The Botanic Garden Zuidas (Dutch: Botanische tuin Zuidas) is a botanical garden belonging to Vrije Universiteit in Amsterdam, Netherlands. It was established in 1967 for the purpose of education and research for the Biology faculty. It is situated behind the University Medical Centre, and includes a garden area of about 1 ha of which about 1000 m2 is occupied by glass-houses. Since 1988, the garden no longer has an educational function, but the property is still owned and supported by the university.

The collection includes about 10,000 species, such as varieties of hardy ferns, cacti and succulents. There is also a collection of carnivorous plants and orchids. The garden also accommodates a collection of trees, shrubs and tub plants, among other things.

There is international collaboration with over 500 botanical gardens and numerous Biblical gardens worldwide.

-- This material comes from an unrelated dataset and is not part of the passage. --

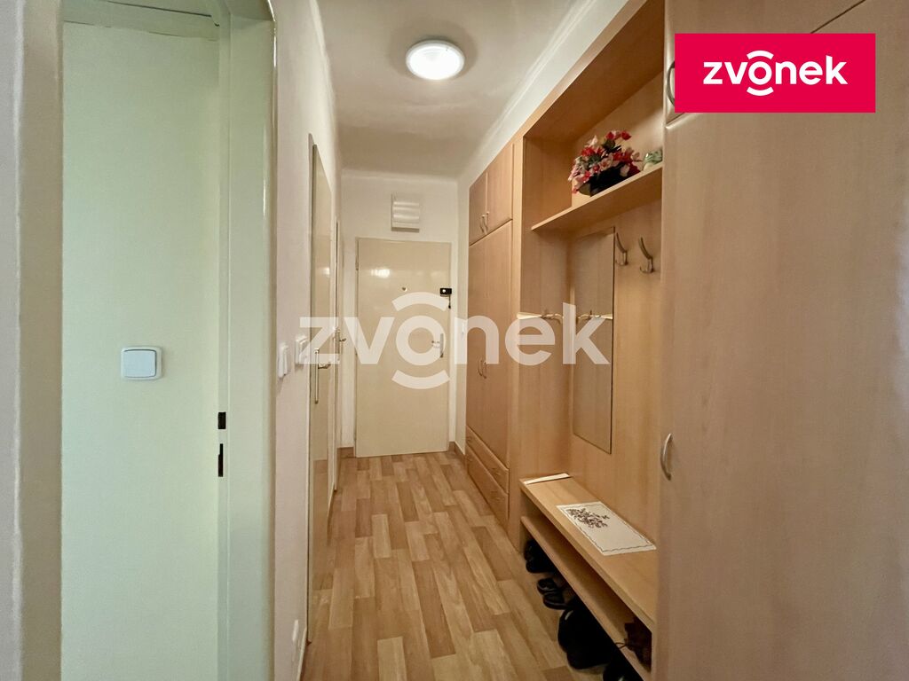 Do bytu se vchází prostornou chodbou s vestavnou odkládací stěnou a skříní na míru, vpravo jsou vstupy na samostatnou toaletu, do koupelnu s vanou, umývadlem a pračkou, do kuchyně s kuchyňskou linkou na míru s dostatkem úložných prostor a do ložnice. Naproti ložnice se nachází obývací pokoj s orientací na jih, výstupem na terasu a krásným výhledem do kraje. K bytu náleží velký sklep, který se nachází v 1.NP, výhodou je bezbariérový vstup do sklepních prostor i bočním vchodem (např. pro uložení kola).

The garden's existence was threatened in 2009, when plans for an expansion of the university hospital called for it to be removed. In 2010, after widespread popular protest, the VU announced the garden could remain. Since then, the hospital has changed its building plans and will now construct its new buildings around the garden, with the garden itself acting as a courtyard. The garden's accessibility will be improved so that hospital patients will be able to enjoy it.

In 2016 the garden changed its name from Hortus Botanicus Vrije Universiteit Amsterdam (which was often abbreviated to VU-Hortus) to its current name, after the better known Zuidas development area it is in.